■ GIVEN DATA ■
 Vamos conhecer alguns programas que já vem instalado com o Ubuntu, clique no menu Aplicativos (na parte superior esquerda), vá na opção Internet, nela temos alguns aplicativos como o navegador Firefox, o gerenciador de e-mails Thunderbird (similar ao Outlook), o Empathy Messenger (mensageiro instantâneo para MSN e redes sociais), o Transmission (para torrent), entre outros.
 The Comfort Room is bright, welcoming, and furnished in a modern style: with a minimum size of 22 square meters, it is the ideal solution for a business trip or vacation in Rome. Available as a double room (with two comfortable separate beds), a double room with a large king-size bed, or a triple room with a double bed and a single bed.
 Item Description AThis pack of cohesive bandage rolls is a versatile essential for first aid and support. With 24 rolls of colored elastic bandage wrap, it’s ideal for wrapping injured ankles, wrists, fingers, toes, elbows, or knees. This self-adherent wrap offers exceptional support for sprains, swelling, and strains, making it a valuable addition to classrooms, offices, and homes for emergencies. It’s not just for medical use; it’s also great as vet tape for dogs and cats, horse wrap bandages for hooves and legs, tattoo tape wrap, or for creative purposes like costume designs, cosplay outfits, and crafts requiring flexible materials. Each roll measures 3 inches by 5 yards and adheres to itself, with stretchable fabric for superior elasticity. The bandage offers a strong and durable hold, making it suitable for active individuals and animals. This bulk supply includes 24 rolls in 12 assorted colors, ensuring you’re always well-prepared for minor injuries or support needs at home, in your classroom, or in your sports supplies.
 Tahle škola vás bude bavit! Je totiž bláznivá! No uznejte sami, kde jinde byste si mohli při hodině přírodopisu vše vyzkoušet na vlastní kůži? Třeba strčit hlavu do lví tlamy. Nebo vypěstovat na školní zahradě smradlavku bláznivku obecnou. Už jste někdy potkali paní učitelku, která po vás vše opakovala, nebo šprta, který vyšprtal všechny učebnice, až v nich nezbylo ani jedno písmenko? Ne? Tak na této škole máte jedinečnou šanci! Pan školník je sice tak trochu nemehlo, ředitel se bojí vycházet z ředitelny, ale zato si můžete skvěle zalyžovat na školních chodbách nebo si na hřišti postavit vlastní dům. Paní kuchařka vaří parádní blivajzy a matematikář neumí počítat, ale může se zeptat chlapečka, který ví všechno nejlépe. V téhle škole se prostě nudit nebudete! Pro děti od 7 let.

...

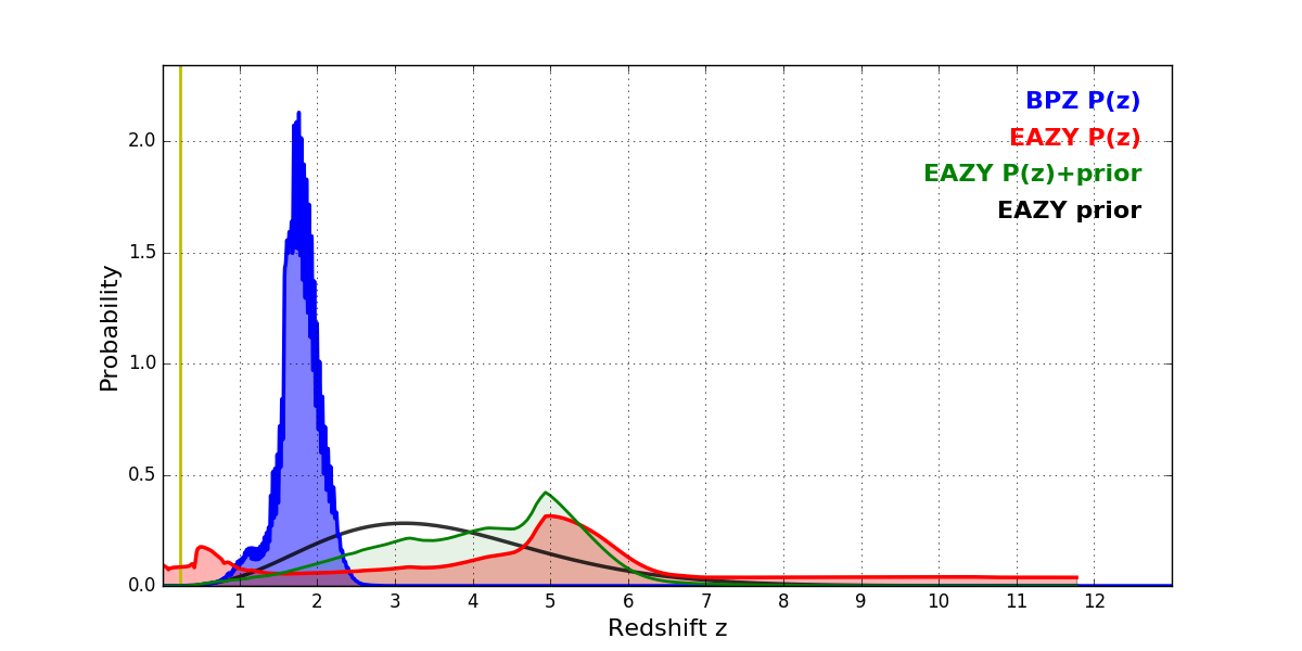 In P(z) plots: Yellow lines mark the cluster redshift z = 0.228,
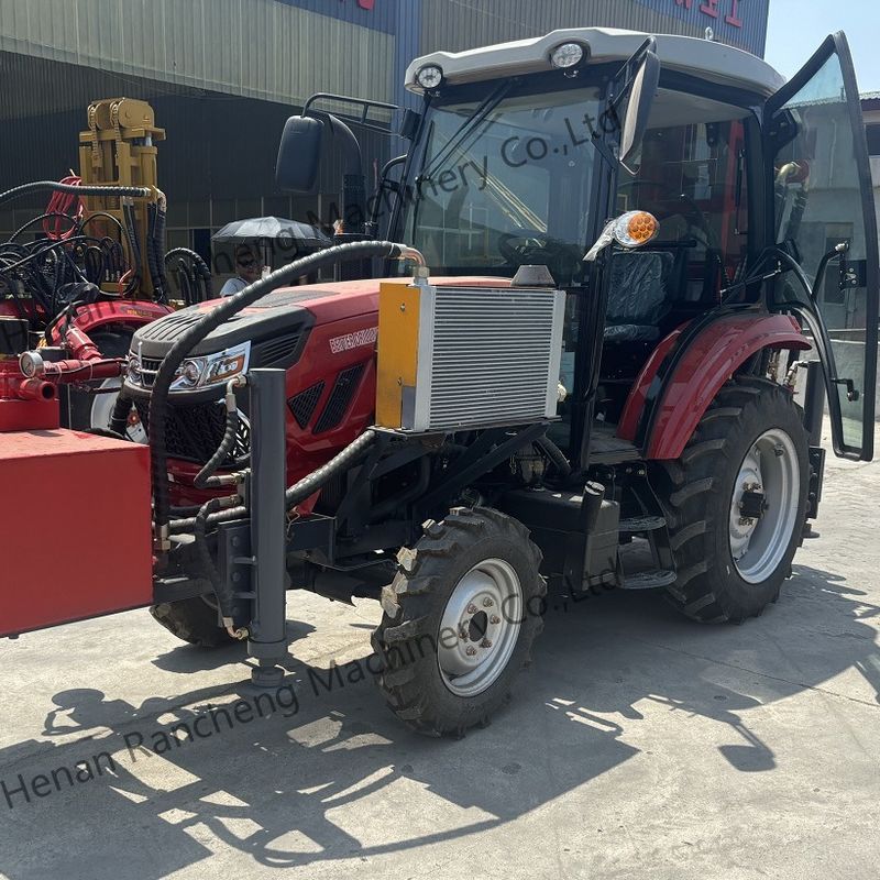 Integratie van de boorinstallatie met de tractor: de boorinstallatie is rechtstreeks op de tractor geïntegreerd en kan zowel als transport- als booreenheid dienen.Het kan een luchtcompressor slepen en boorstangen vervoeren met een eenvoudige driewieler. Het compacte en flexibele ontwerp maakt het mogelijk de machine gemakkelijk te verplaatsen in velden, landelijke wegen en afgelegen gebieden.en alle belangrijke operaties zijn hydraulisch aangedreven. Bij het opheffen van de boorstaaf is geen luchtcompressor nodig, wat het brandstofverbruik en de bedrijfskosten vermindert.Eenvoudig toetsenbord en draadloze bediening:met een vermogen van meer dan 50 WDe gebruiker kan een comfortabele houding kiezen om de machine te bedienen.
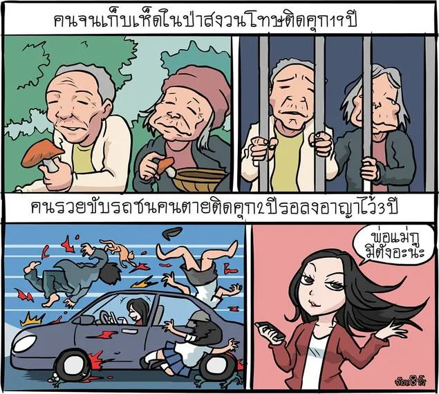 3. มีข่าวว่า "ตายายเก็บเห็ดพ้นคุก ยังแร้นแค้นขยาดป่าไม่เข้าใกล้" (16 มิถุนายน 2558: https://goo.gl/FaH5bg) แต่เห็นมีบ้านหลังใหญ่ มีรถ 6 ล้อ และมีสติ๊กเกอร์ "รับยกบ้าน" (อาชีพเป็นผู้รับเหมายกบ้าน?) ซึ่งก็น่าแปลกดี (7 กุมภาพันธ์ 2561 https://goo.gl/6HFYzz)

--

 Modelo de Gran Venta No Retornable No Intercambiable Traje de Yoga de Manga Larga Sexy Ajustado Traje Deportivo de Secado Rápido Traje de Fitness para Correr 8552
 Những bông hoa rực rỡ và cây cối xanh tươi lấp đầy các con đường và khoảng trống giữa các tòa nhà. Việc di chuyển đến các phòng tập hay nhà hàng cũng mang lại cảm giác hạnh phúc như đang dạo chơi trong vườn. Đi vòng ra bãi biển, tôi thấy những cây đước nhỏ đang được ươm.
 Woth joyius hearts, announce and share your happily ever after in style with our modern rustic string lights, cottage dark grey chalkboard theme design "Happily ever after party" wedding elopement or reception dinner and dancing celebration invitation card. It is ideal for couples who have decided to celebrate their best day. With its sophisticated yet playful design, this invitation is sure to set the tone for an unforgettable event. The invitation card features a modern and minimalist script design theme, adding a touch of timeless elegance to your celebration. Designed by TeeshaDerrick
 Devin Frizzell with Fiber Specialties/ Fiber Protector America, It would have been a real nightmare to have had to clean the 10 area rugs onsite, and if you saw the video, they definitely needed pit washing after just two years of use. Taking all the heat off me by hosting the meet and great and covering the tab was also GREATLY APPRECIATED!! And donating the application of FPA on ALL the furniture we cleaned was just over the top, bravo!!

■ WORK TASK ■
Restate word for word the lines of the data above, starting at the line containing "Vamos conhecer alguns" and ending at the line containing "Item Description AThis", both included, and nothing more.

■ RESPONSE ■
 Vamos conhecer alguns programas que já vem instalado com o Ubuntu, clique no menu Aplicativos (na parte superior esquerda), vá na opção Internet, nela temos alguns aplicativos como o navegador Firefox, o gerenciador de e-mails Thunderbird (similar ao Outlook), o Empathy Messenger (mensageiro instantâneo para MSN e redes sociais), o Transmission (para torrent), entre outros.
 The Comfort Room is bright, welcoming, and furnished in a modern style: with a minimum size of 22 square meters, it is the ideal solution for a business trip or vacation in Rome. Available as a double room (with two comfortable separate beds), a double room with a large king-size bed, or a triple room with a double bed and a single bed.
 Item Description AThis pack of cohesive bandage rolls is a versatile essential for first aid and support. With 24 rolls of colored elastic bandage wrap, it’s ideal for wrapping injured ankles, wrists, fingers, toes, elbows, or knees. This self-adherent wrap offers exceptional support for sprains, swelling, and strains, making it a valuable addition to classrooms, offices, and homes for emergencies. It’s not just for medical use; it’s also great as vet tape for dogs and cats, horse wrap bandages for hooves and legs, tattoo tape wrap, or for creative purposes like costume designs, cosplay outfits, and crafts requiring flexible materials. Each roll measures 3 inches by 5 yards and adheres to itself, with stretchable fabric for superior elasticity. The bandage offers a strong and durable hold, making it suitable for active individuals and animals. This bulk supply includes 24 rolls in 12 assorted colors, ensuring you’re always well-prepared for minor injuries or support needs at home, in your classroom, or in your sports supplies.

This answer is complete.